Larry Ott is the type of guy you would not want to take the time to learn. Referred to by the locals as "Scary Larry" Ott lives alone in the middle of nowhere, off the beaten path in rural Mississippi farmhouse. Son of the late engineer, he runs the only auto shop in the small town of Chabot, although rarely is the local visitors. His social Bane stems in part from a missing person case in the late seventies, which was never resolved, Larry was last seen with a young girl and is widely assumed that he was responsible for her death. Issues are further complicated by thirty-odd years later, when another girl goes missing in the present. Accusations fly fast and this time it was Larry, whose life is at stake.
Meanwhile, Silas Jones, Constable of Chabot, one of the loner himself, although he frequents a local bar and has a taste for loose women. The black man, he went to school with Silas (who is white) shortly after Chabot integration in the mid seventies. Since high school, Silas moved away from Chabot, and after college and a brief restriction in the army, decided to return home to deal with the police. Having made friends with Larry for a short period in high school, and because we do not know, force has become confused with the possibility of contacting Larry him upon his return. Crooked Letter, Crooked Letter Tom Franklin (author of Hell on the back) is intricately woven novel, slow-building page-turner with jolts of suspense and electrifying twists at the end of each chapter that make it difficult to set the book aside. Taking its name we are told, from Rome to the South, children learn how to help them decipher how to spell Mississippi, Crooked Letter, Crooked Letter captures the subtleties of life in a small town in a beautiful place to dialogue and real interaction between the southern people.
Take for example the exchange between the Force and his mistress Angie, over the possibility of crime:
"Let the child. Tell me more."
"I need yall to run outside when you get a minute. Little dirt road at Chabot, from camping Cemetery Road".
"I know where he is staying. How come?"
"Only when one minute. See if it looks clean.

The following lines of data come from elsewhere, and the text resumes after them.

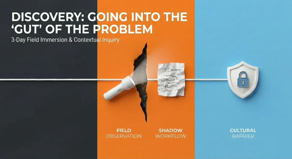 - The ‘Shadow’ Workflow: Techs were actively bypassing existing digital tools. They used ‘cheat sheets’ (scrap paper with scribbled serial numbers) during the day, forcing them to re-type data into clunky legacy systems at the end of a 10-hour shift, the primary friction point causing billing delays.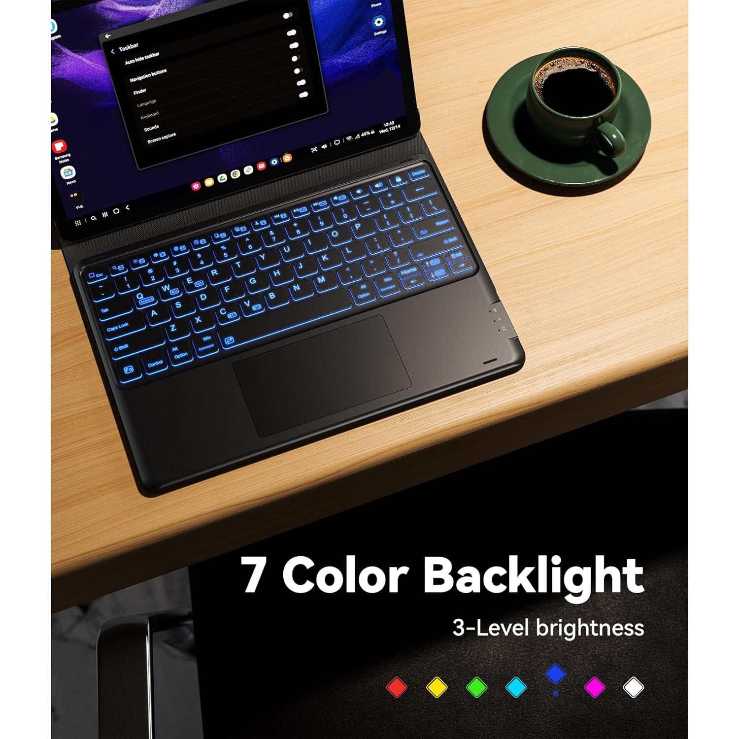 - [7-Color Backlit]: This Galaxy Tab S9 plus keyboard case with seven distinct backlight colors provides a spectrum of choices to match the ambient lighting of the environment. The three levels of brightness adjustment add more versatility, ensuring that the backlighting can be set to a comfortable intensity for any setting.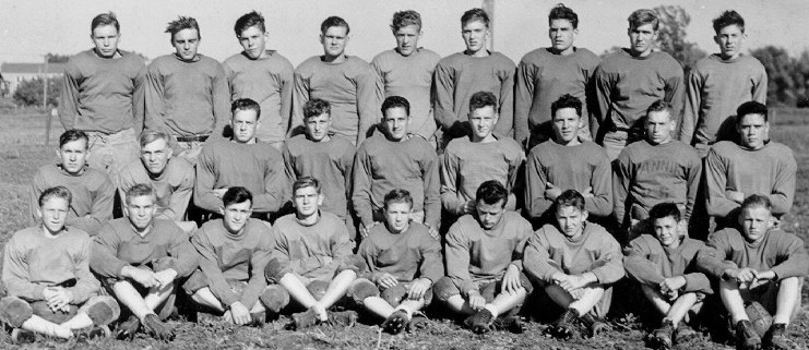 Nickum, Berdette Schroeder, Dick Ohm, Frank Bliefert, Wally Kruse Second Row: Elvin McConnell, George Musfeldt, Lyle Arp, Gene Strathman, Jim Rowedder, Dick Morrell, Robert Kruse, Wayne Schrum, Francis Zerwas Front Row: Ludwig Hammer, Don Ramsey, Jack Ramsey, Labert "Bud" Stahl, Bobby Kuhl, Lee Himes, Carl Carlson, Harold Christie, LeRoy Rowedder |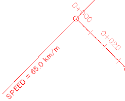 設計速度ラベルを確認します。このラベル スタイルを基に新しいラベル スタイルを作成します。新しいラベル スタイルでは、測点ラベルを使用せずに設計速度を表示します。設計速度ラベルは、既に測点がラベル付けされている位置に配置します。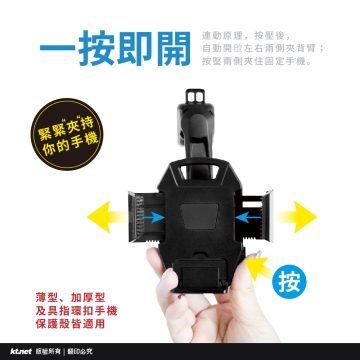 • ★按壓兩側 自動開啟左右兩側夾臂 穩固不脫落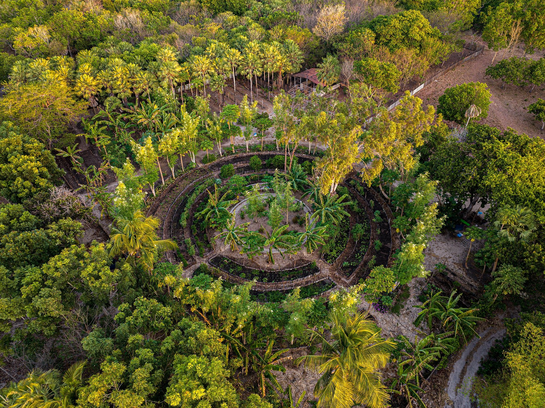 Entre as árvores, uma ampla mesa ao ar livre e uma churrasqueira criam o cenário ideal para longos almoços e jantares entre amigos. A horta em formato de mandala, cultivada com cuidado, oferece frutas e legumes frescos que enriquecem a gastronomia local.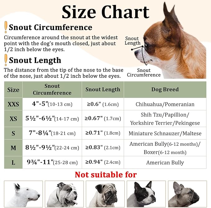 • Snug Fit for XXSmall Short Snout Dog: Muzzle for chihuahua-tailored dogs with short snouts (4-5" in circumference). Perfect for breeds like Chihuahuas and Pomeranians, ensuring the muzzle for small dog fit is comfy on your dog's nose bridge, and won't sort of push into your dog’s eyes in every wear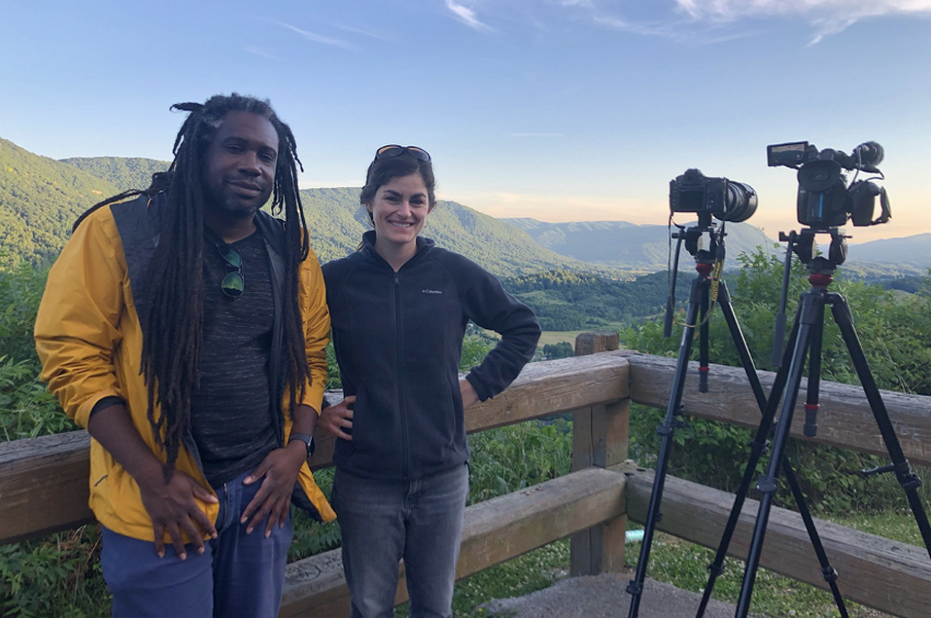 Cinematographer Raymond Thompson Jr. (left) and director Sylvia Ryerson in a behind-the-scenes image from Calls from Home. (Image courtesy of Working Films.)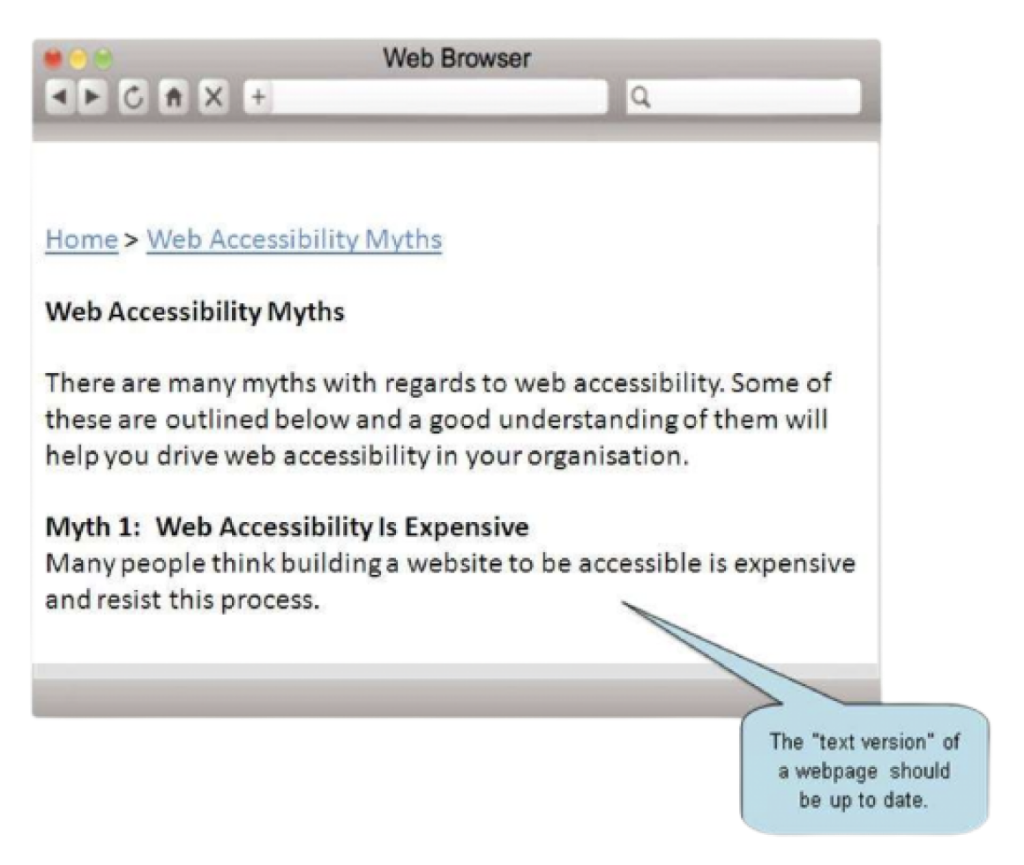 Text versions of websites are often neglected, particularly as website changes take place over time.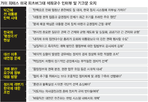 이번 사태와 관련해 우선적으로 말하고 싶은 것은 탄핵으로 인해 엄청난 혼란이 발생했음에도, 그 혼란에 잘 대처했다는 것과 대통령 탄핵에 따른 차기 대통령 선출로 이어지는 헌법을 적용했다는 점에서 한국의 정치시스템에 어느 정도의 자부심을 가져야 한다는 것이다. 이런 식으로 다른 모든 나라가 잘할 수 있었을 것이라 말할 수는 없다. 특히 민주주의 역사가 비교적 짧은 곳에서는 더더욱 어려웠을 것이다. 그렇기 때문에 지난 몇 달 동안의 일들은 대한민국 국민에게는 힘들었겠지만 그 속에서 희망 또한 찾을 수 있을 것이라 생각한다.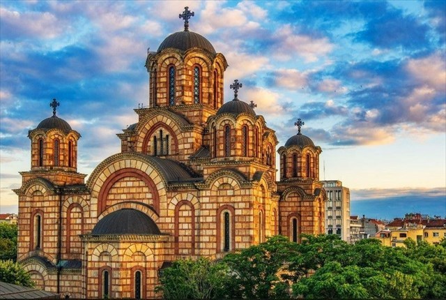 Located in Tasmajdan Park near Parliament, the Church of St. Mark is a Serbian Orthodox church built in the Byzantine style. The building you see today was mostly completed by 1940, but there was a church dating from 1835 on this same site. That original church was built of wood and also dedicated to St. Mark. It was built in an existing cemetery. Here, King Alexander Obrenovic I and Queen Draga Obrenovic were buried after they were assassinated during the May Coup in 1903. The original church was hit by German bombs and badly damaged on Palm Sunday in 1941. The rubble was cleared in 1942. At the time, the new church's exterior from sandstone had been completed, but finishing work was stalled due to the war. Nevertheless, divine service took place inside during the war. Officially, the building was consecrated in 1948. The church has three altars. One of the altars contains a mosaic that is believed to be one of the largest in the world, spanning 1,400 square feet (130 square meters). It is made of Venetian glass and is titled "Mother of God, Larger than Heaven."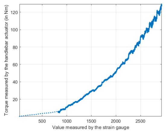 Data used for determining the steering torque as a function of actuator data and strain gauge data (data collected in the case of our POC): torque measured by the handlebar actuator (in Nm) as a function of the value measured by the strain gauge (dimensionless 12 bits value ranging from 0 to 4095) without human action.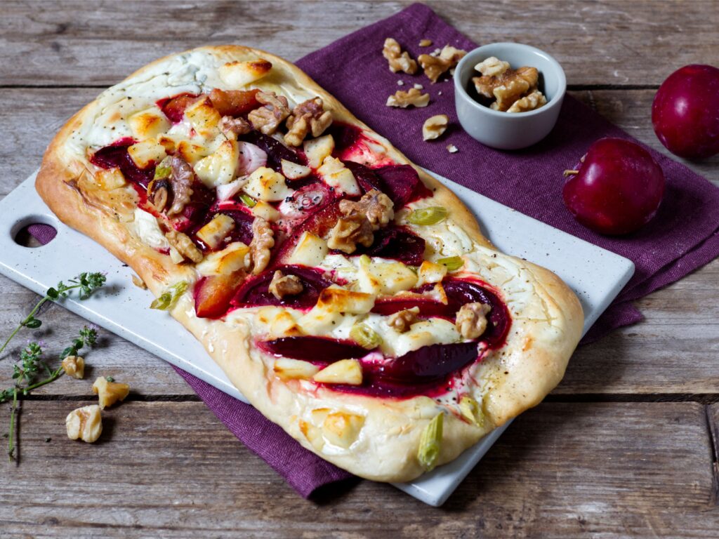 Elevate your dinner game with a plum and goat cheese flatbread. Spread soft cheese over a flatbread base, top with thinly sliced plums, fresh thyme, and a drizzle of olive oil. Bake until crispy and golden. This sweet-savory combination makes a perfect light meal, appetizer, or party snack—and it looks as good as it tastes!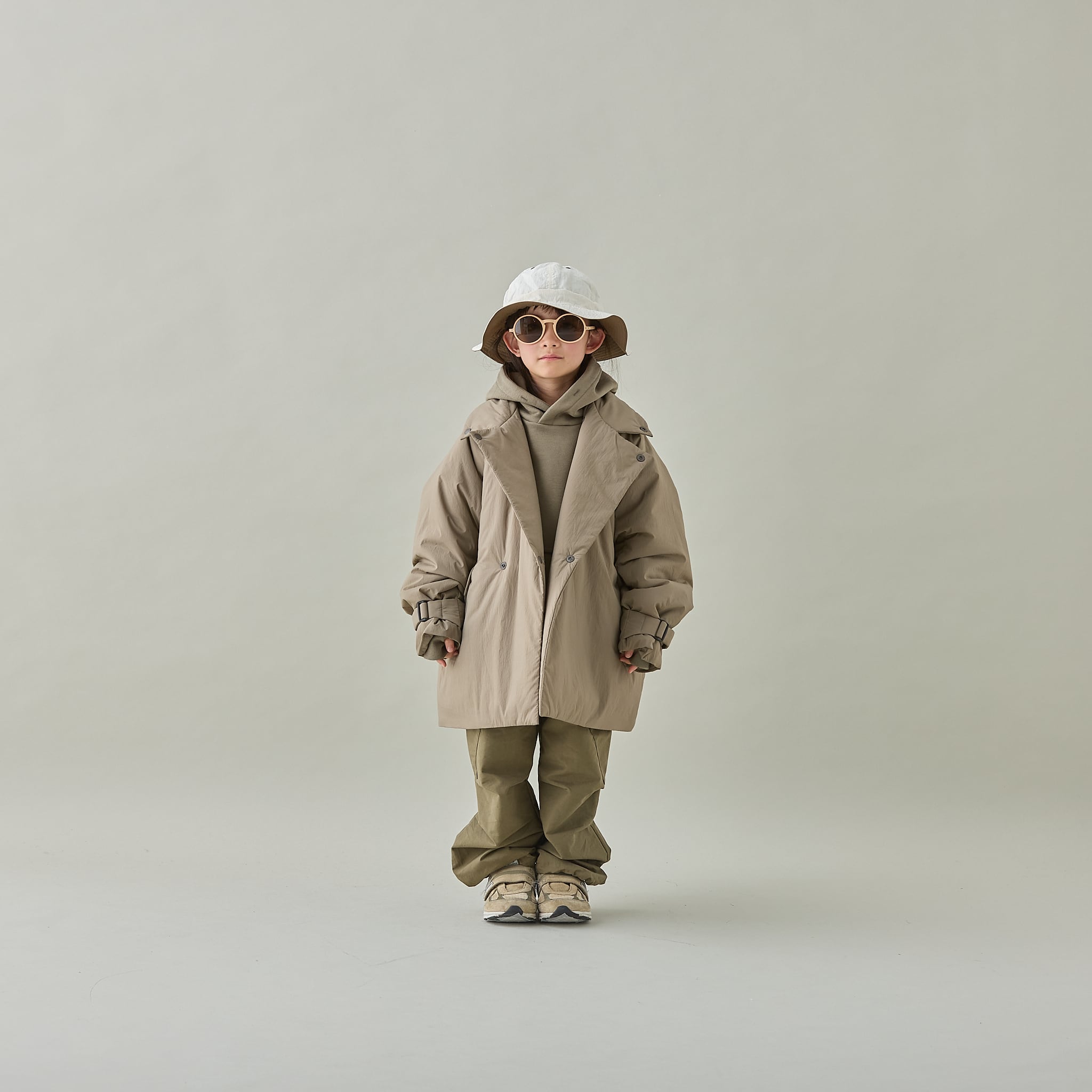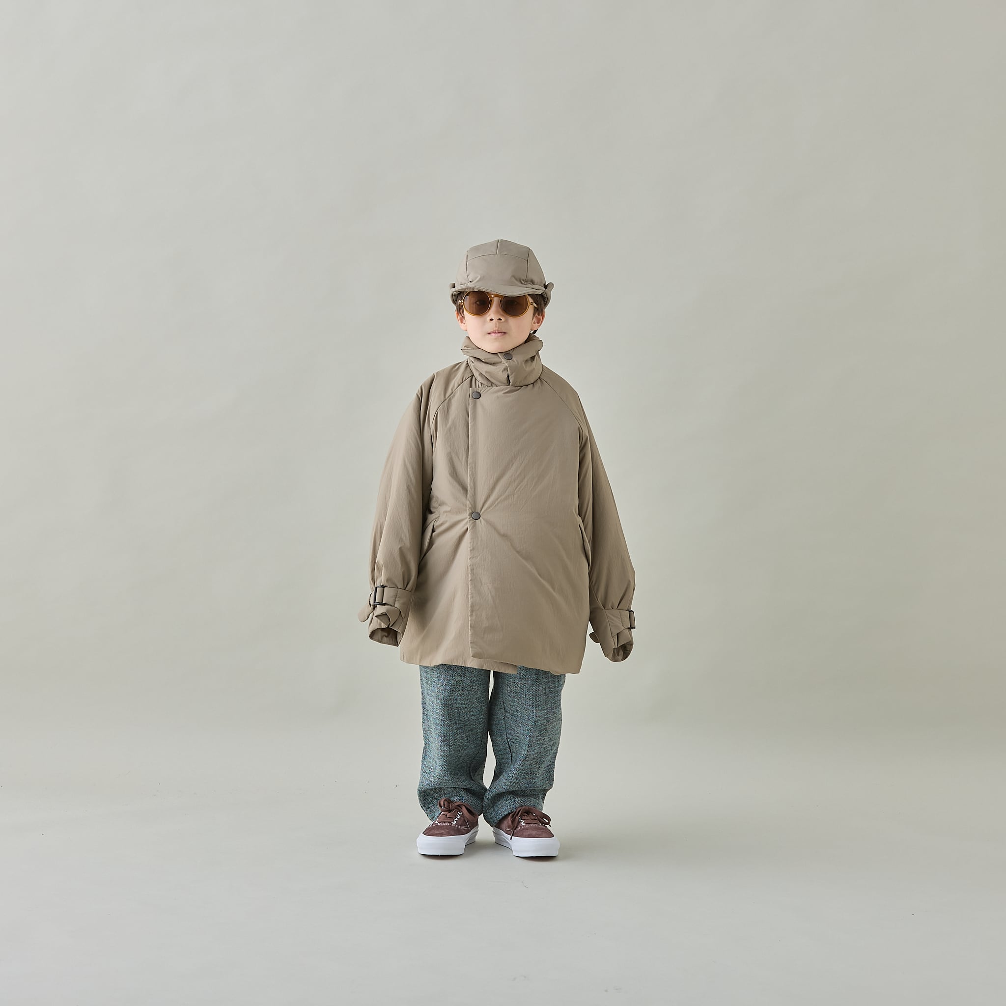 オーセンティックなダブル仕立てのハーフコートを、ゆったりとしたシルエットと軽量なナイロン素材の中綿入りにすることで、とても軽く暖かくフワッとしたボリューム感とリラックス感のあるスタイリッシュな雰囲気になっています。

It is not far from where yall at now."
He also praised for the characterization of-all, including minor characters are given enough detail and assigned its own idiosyncrasies that can give life. There are French, Silas 'superior, former game warden and Vietnam vet who has a penchant for tacky T-shirts, shrimp po' boys, and Coca-Cola. We meet Mrs. Voncille, city clerk, a woman know that tense, because it requires only one seat in her joint office near a window, just because there is no longer hates when someone leaves the toilet seat up, and was divorced a few times. Even Silas has its quirks, the nickname "32" because of his baseball number in high school.
If you are looking for storytelling at its best then look no further, you find it. Crooked Letter, Crooked Letter is all that diamond in the ruff that comes along once in a while, to satisfy readers' desire for mystery and adventure.